Abstract
Aim:
We measured long-term hematopoiesis in continuous bone marrow cultures derived from Toll-like receptor-4 (Tlr4−/−)(C57BL/6J) mice.
Materials and Methods:
We measured hematopoiesis in vitro over 27 weeks in long-term bone marrow cultures from Tlr4−/− and control mice, and irradiation-induced pulmonary fibrosis in mice irradiated to 20 Gy to the thorax.
Results:
There was a significant increase in the duration of hematopoiesis in long-term bone marrow cultures from Tlr4−/− mice in production of total non-adherent cells and day 7 and day 14 multi-lineage colony-forming cells. The histology of bone marrow hematopoietic and stromal cell lines was indistinguishable between different mouse strains. There was no detectable late irradiation pulmonary fibrosis in Tlr4−/− mice.
Conclusion:
Homozygous deletion of both alleles of Tlr4, encoding for an inflammatory mediator receptor, improves the duration of hematopoiesis in vitro and reduces irradiation-induced lung fibrosis.

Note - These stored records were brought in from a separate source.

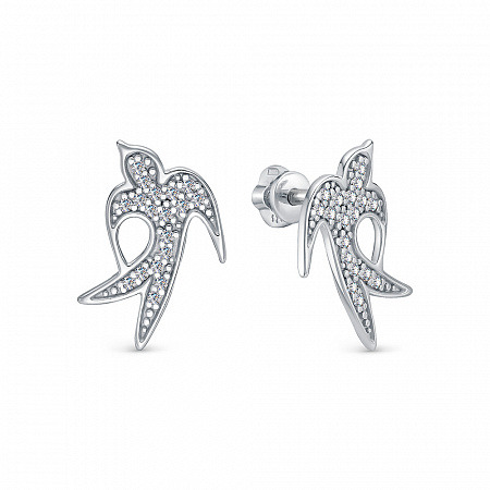 Серьги с фианитом родированные серебро 925*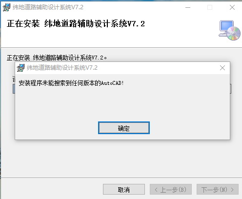 下载了官方纬地道路7.2(64位),win10系统下装了64位AUTOcad2014并已激活,但是安纬地时一直显示安装程序未能搜索到任何版本cad,该如何解决??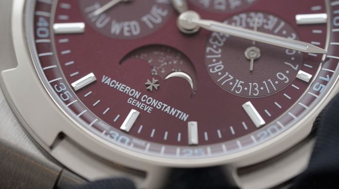 而18K白金和勃艮第红就是高对比度的组合了。冷峻的白色和炙热的红色,月相盘中的月亮也更明晃晃,属于沉稳老派的气质。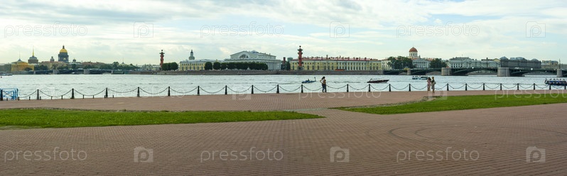 Вид на Стрелку Васильевского острова и Биржевой мост с Заячьего острова. Санкт-Петербург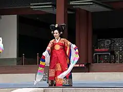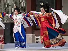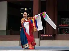Taepyeongmu (태평무; literally "great peace dance") is a Korean dance with the function of wishing a great peace for the country. Its exact origin is unknown, but certain style of the present was composed by Hahn Seongjun (hangul: 한성준; hanja: 韓成俊; 1874–1941), an outstanding master of Korean dance in the beginning of last century. There are three assumptions regarding the origin of Taepyeongmu. One is a court dance occasionally performed by kings during the Joseon dynasty. Therefore, the costumes used by the dancers are similar to the gwanbok (hangul: 관복; literally "official clothing") formerly worn by Korea's kings and queens.[1]
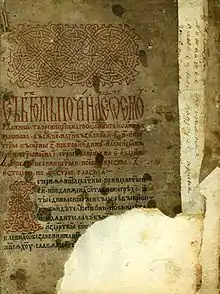 Though the name of the book "Oktoich" derived from the Greek name Octoechos (Old Slavonic "Osmoglasnik," because "glas" is the Slavonic term for echos), the Slavic book did rather correspond to the unnotated Tropologion, and often it included the hymns of the Irmolog as well.[23] The Slavic reception, although it can be regarded as faithful translation of the Byzantine books, is mainly based on early Theta notation, which was used by Slavic reformers in order to develop own forms of notation in Moscow and Novgorod (znamenny chant).[24] The translation activities between 1062 and 1074 at the Kievan Pechersk Lavra had been realised without the help of South Slavic translators.[25] The earliest known Slavonic manuscripts with neumes date from the late 11th or 12th century (mainly Stichirar, Kondakar and Irmolog). Concerning the earlier translations of the hymns and later translations in Russia, we can observe two different approaches to translation, one which favours the musical and metrical structure and another which favours the literal translation of the hymns. The school represented by Kliment of Ohrid, Naum, or Constantine of Preslav endeavoured to match the Greek text in the number of syllables in the hymns and to preserve the verse structure indicated by the corresponding neumes, but the resulting meaning of the hymns could change so considerably that, in certain cases, the only aspect the original and the translation had in common was the prescribed music, i.e., the indicated melos and echos. On the other hand, the later translations during the missions in Russia had their emphasis on a literal translation of the texts, but this resulted in altering the metrical structure given by the avtomela and the heirmoi so much that the music had to be recomposed.[26]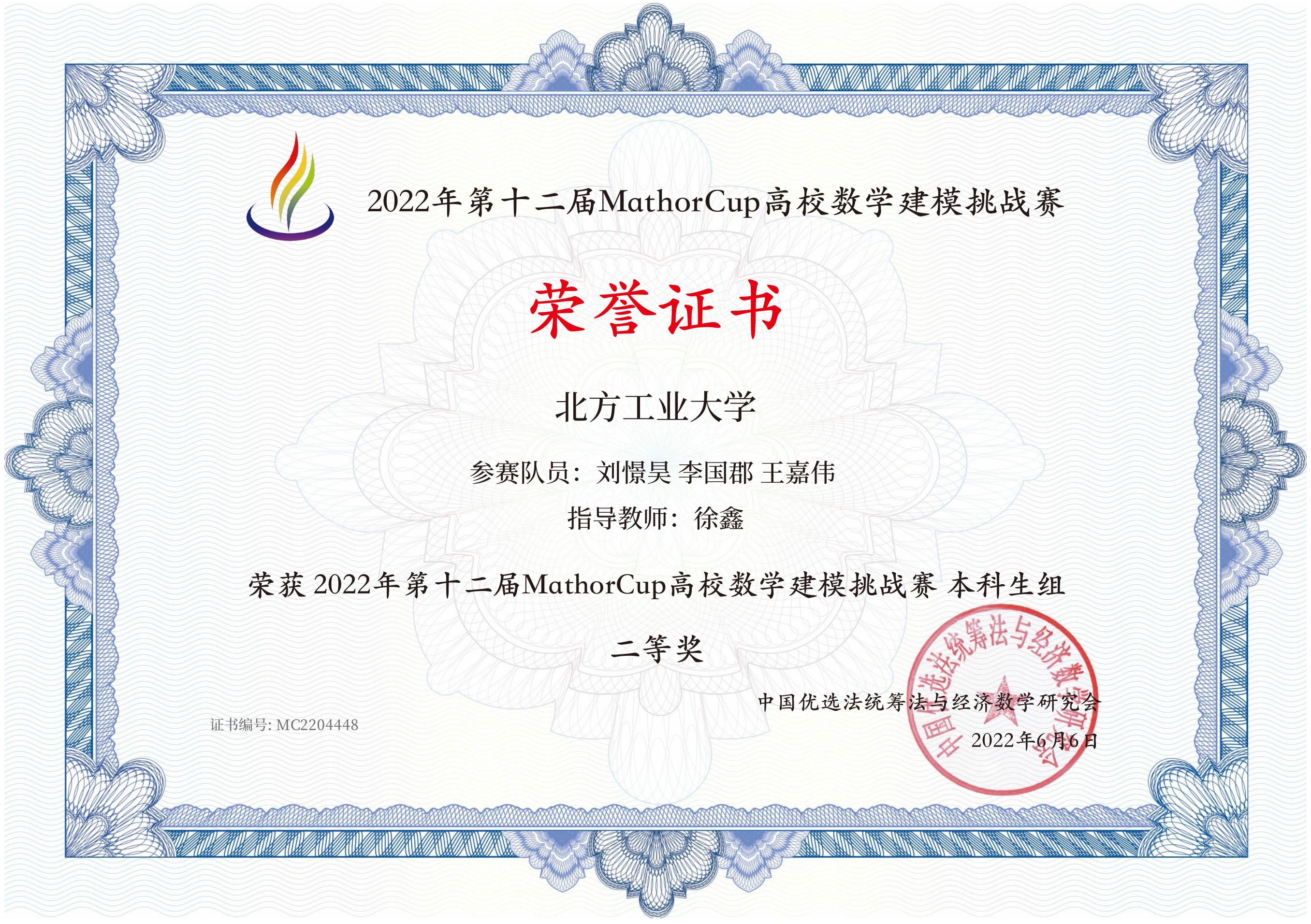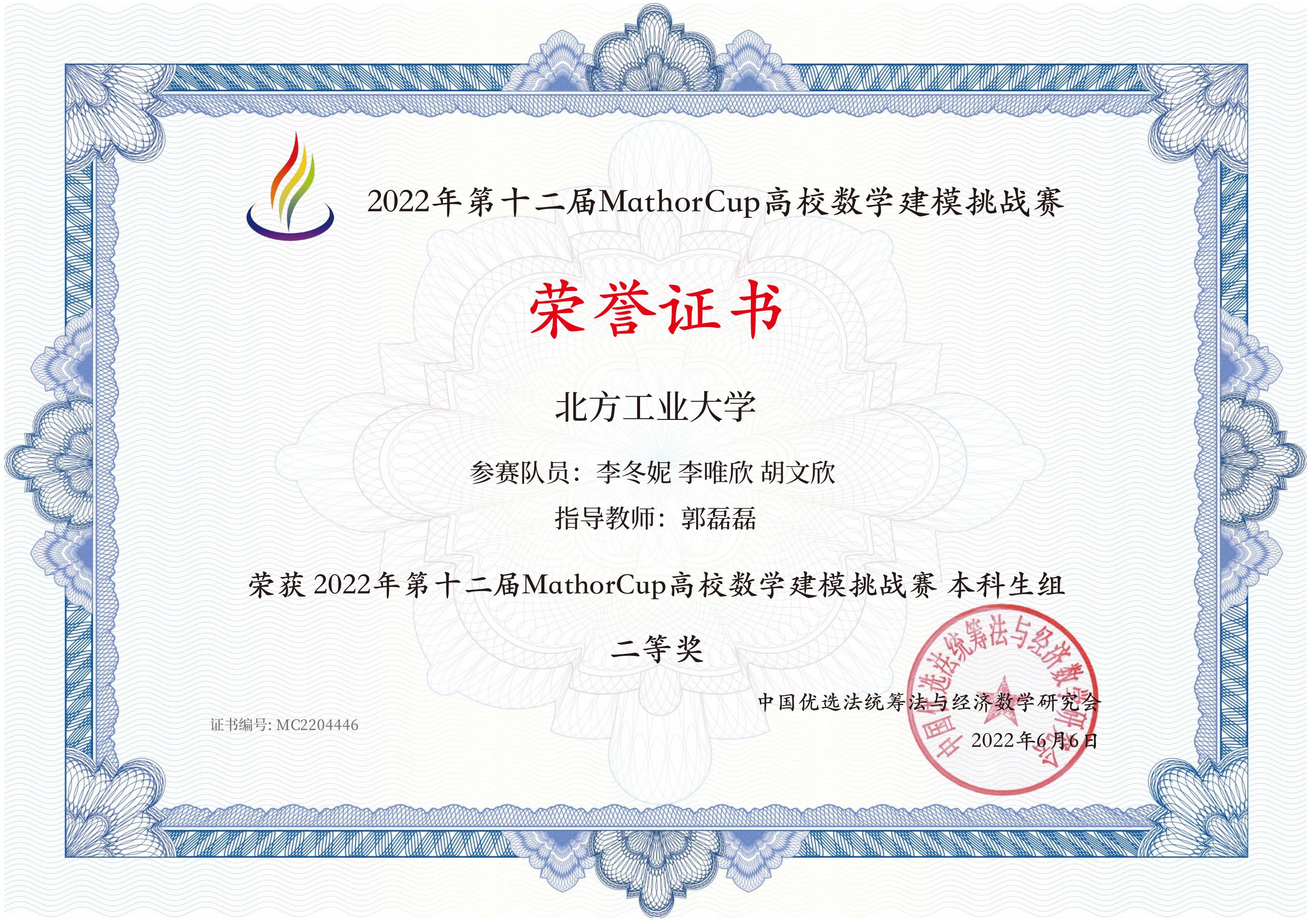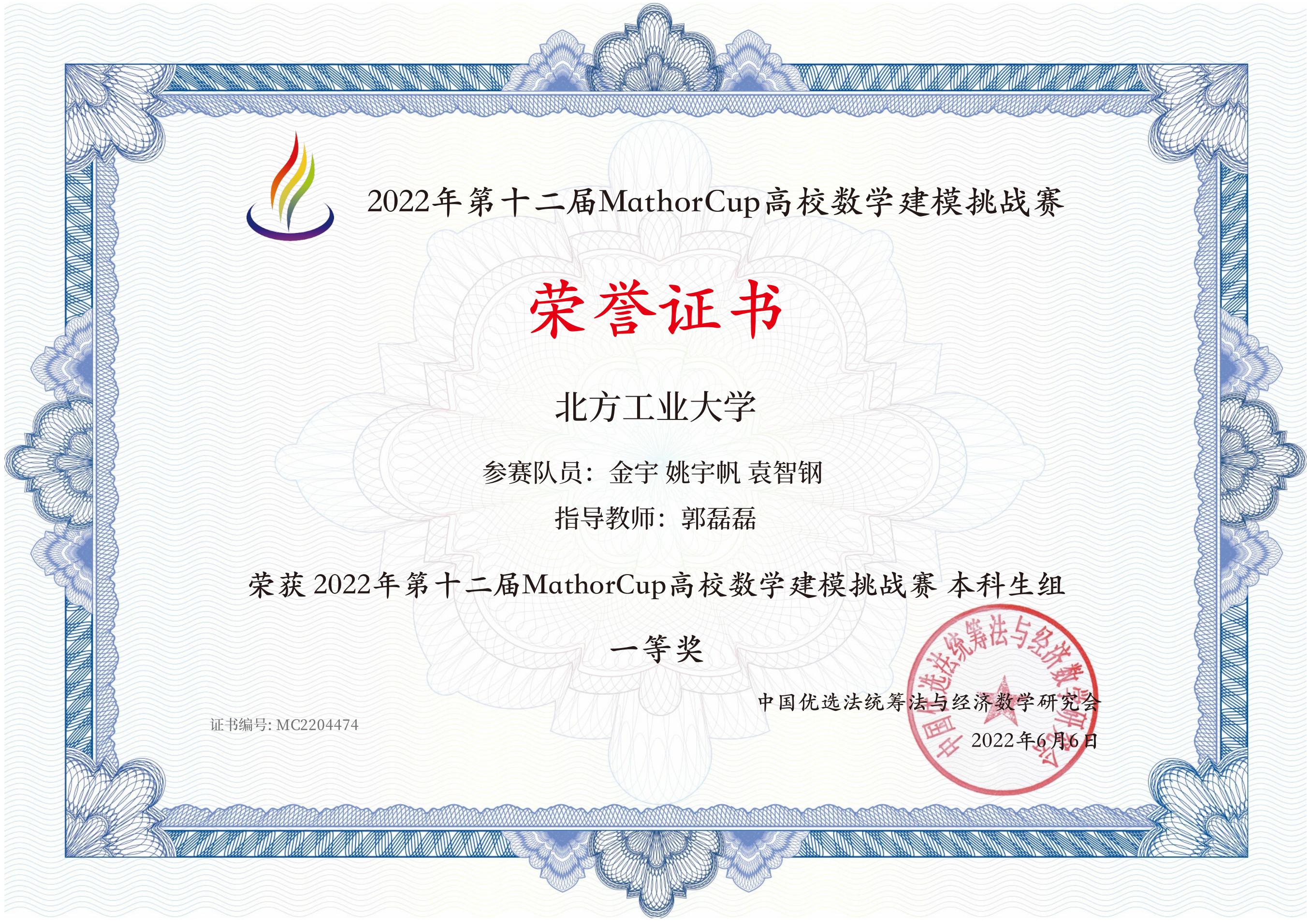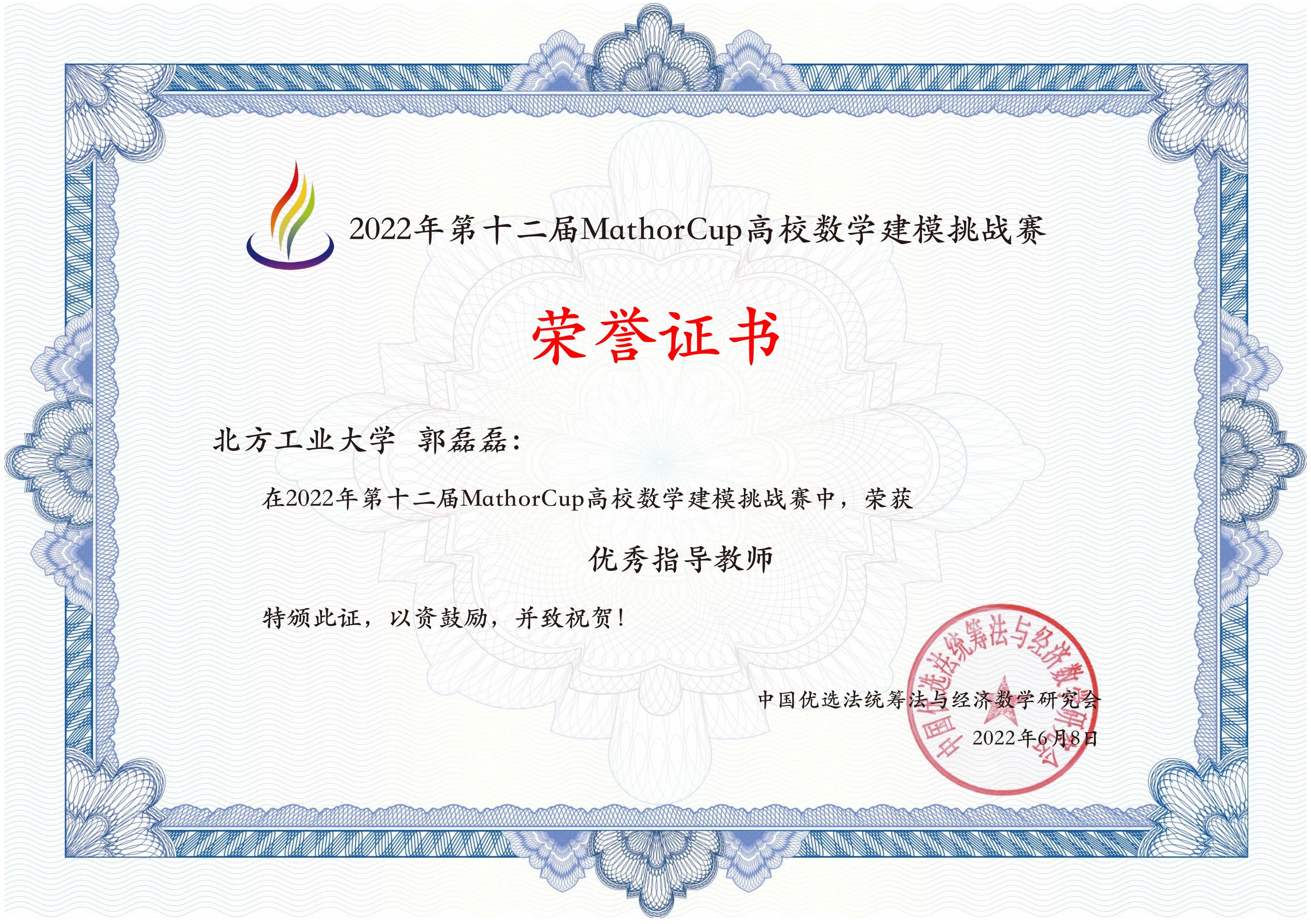 近日,2022年第十二届MathorCup高校数学建模挑战赛成绩揭晓。今年会24个代表队参赛,共获得一等奖1项(3人),二等奖3项(9人),三等奖8项(24人)。今年会被评为“优秀组织单位”,指导教师郭磊磊被评为“优秀指导教师”。

Keywords: Hematopoiesis, long-term bone marrow cultures, TLR4
Toll-like receptors (TLRs) have been demonstrated to be critically important in the recruitment of inflammatory cells including T-lymphocytes, B-lymphocytes, monocytes, and polymorphonuclear leukocytes. TLRs are involved in both the acute and chronic inflammatory response in a variety of diseases including infections, common autoimmune diseases, and the response of organs and organ systems to inflammatory stimuli. Recent studies have demonstrated that TLRs are a component of the late reaction of the C57BL/6J mouse lung to thoracic irradiation and an increase in Tlr4 has been associated with migration into the lungs of bone marrow-derived progenitors of the fibroblasts representing radiation pulmonary fibrosis (1). In contrast, Tlr1–3, and Tlr 6–9 were not up-regulated in C57BL/6J mouse lung at the time of initiation of pulmonary fibrosis, suggesting that Tlr4 might be a unique member of the TLR family involved in the late inflammatory response.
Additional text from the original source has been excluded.